I have completed my review of Artificial Intelligence: Structures and Strategies for Complex Problem Solving (2nd ed) by George Luger and William Stubblefield. I ran some of the example LISP based programs such as the Logic Shell and the Expert System Shell from Chapter 14. For each program I had to write a LISP program to load the individual programs and start the shell.
To continue my studies in machine learning, I have a draft copy of Introduction to Machine Learning by Professor Nils J. Nilsson. Professor Nilsson’s material contains a heavy dose of mathematics. I have not looked at partial dervivatives and probablity theory since my university courses in Partial differenital equations and Statistics and Probablity. After the heavy math, Professor Nilsson discusses Neural Networks with a strong emphasis in error correcting. Then later topics such as decision trees and inductive logic programming, Professor Nilsson finds similarities to Neural Nets with these topics. I basically perused the topics yesterday and today.
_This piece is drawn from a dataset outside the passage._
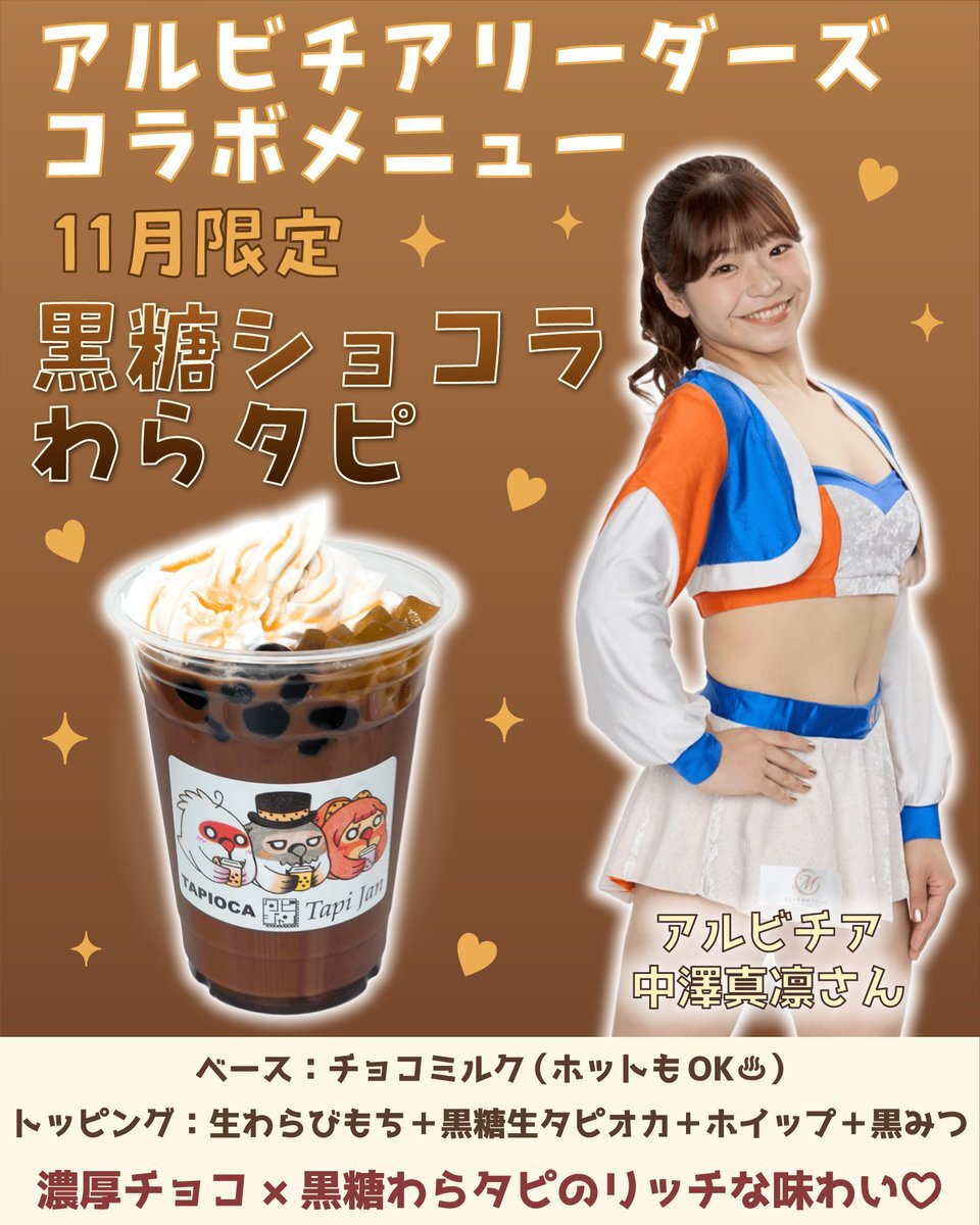 🧋#タピジャン × #アルビチアリーダーズ 11月限定 #黒糖ショコラわらタピ 登場💖 Mサイズ 750円 | ホットOK☕️ 濃厚チョコ×#黒糖生タピオカ×#生わらびもち の 贅沢ご褒美ドリンク✨ 11/15・16 #アオーレ長岡 #アルビBB ホームゲーム限定🏀 コラボパートナー:#中澤真凛 さん @albcheer @naxbb_rb pic.x.com/yJGBvMnVXq

Then I signed onto Amazon and compared Dr. Nilsson’s book with Dr. Mitchell’s book on Machine Learning. From a topics point of view, both books are very similar.
Afterwards, going to Google and searching for Dr. Nilsson, I found his website and learned that he worked for Stanford Research Institute (known as SRI International today) in the AI Research Lab, and he graduated with his Ph.D. from Stanford University in 1959. In 1980, Dr. Nilsson and Kurt Konolige wrote a paper on Mulitple-Agent Planning Systems, one earliest papers on multi-agents on DAI pubished in the AAAI-80 Proceedings (pp 138-142).